The Washington Nationals agreed to terms on a one-year deal with newly acquired starting pitcher Doug Fister, avoiding arbitration.

Fister will earn $7.2 million in 2014, plus an additional $100,000 if he reaches 200 innings. Today’s deal is good news for the Nationals, as for a while it seemed as though an arbitration hearing would be inevitable. On Jan. 17, the deadline for teams and arbitration-eligible players to exchange salary figures, Fister asked for $8.5 million and the Nationals offered $5.75 million.

Despite the significant separation in figures, general manager Mike Rizzo remained confident that the team would come to agreement with Fister and Tyler Clippard, who could still end up in a hearing.

“We had a pretty good strategy with our filing numbers. You’re talking about two players that are extremely important to us coming into 2014 and beyond. We certainly don’t like taking people into the [hearings] and if we can avoid that with a deal that makes sense for both guys, I would certainly like to do it,” Rizzo said in an interview with MLB Network’s ‘Hot Stove’ in January.

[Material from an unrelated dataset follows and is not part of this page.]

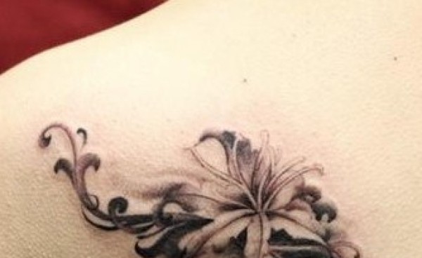 后肩唯美花藤英文图案图片_植物纹身图案大全_纹身图吧
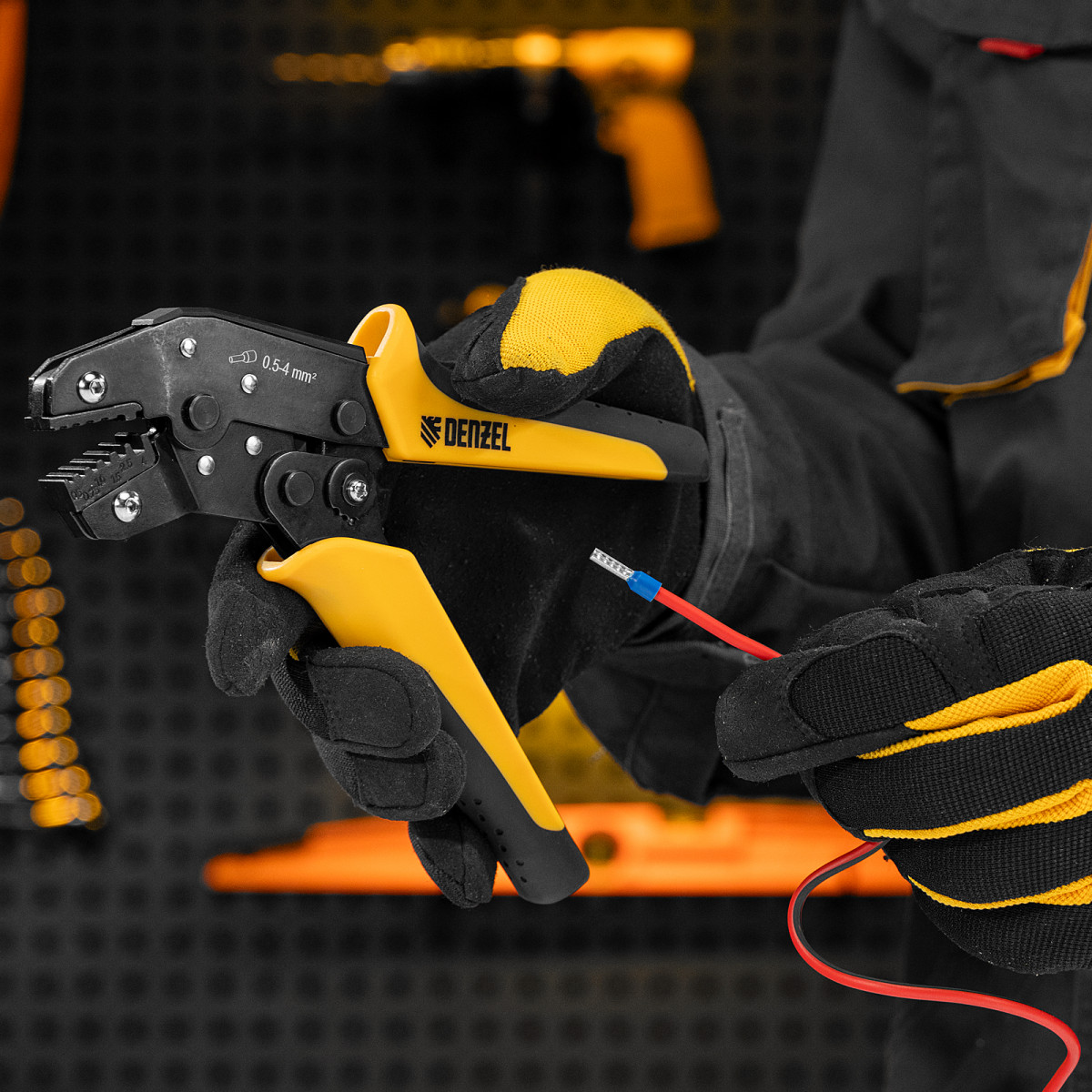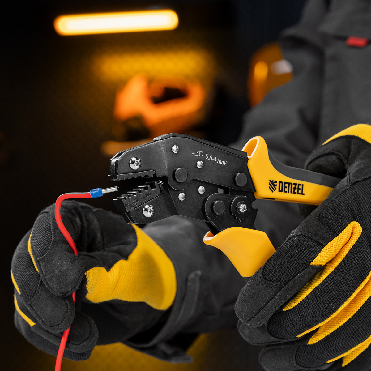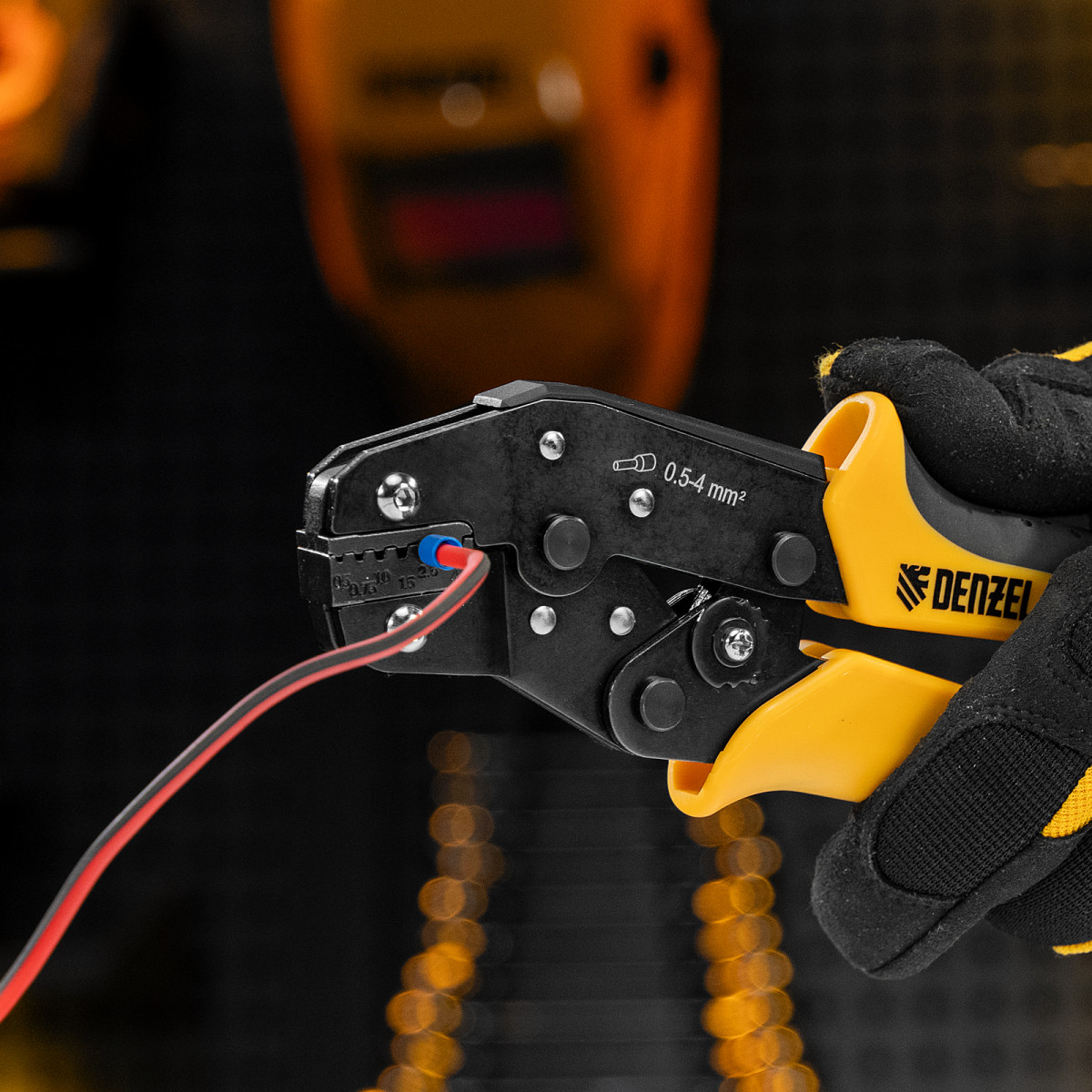 Клещи Denzel 17743 предназначены для обжима наконечников штыревых втулочных НШВ, НШВИ, НШВИ-2 сечением 0,5-4 мм². Двухрычажная передача силы сжатия позволяет увеличить эффективность работы без дополнительных усилий мастера. Инструмент пригодится частным и профессиональным мастерам при проведении электромонтажных работ.

Fister will end up making a little more than the midpoint of the original figures, earning a significant raise from the $4 million he made with Detroit last season.

The Nationals have now avoided arbitration with nine players, with Tyler Clippard being the only one remaining. There’s a chance that Clippard and the Nationals won’t be able to come to terms before an arbitration hearing, as both sides appear to be far apart on figures. After he made $4 million last season, Clippard asked for $6.35 million and the Nationals offered $4.45 million.

Given how crucial Clippard has been for the Nationals the last few seasons, he will most likely get a number that he wants, whether it happens at a hearing or with a one-year deal before the hearings.  Salary arbitration hearings begin today and will continue through Feb. 21. It is not known when Clippard’s hearing will take place. The sides have until the moment before they walk into the hearing room to come to an agreement.

While there is still some uncertainty with Clippard, avoiding arbitration with Fister was something Rizzo wanted to get done sooner rather than later, as hearings can sometimes create tensions between players and the front office. Fortunately for the Nationals, they’ll have one less thing to worry about this month and Fister can now focus solely on preparing for the 2014 season when pitchers and catchers report to Spring Training in two weeks.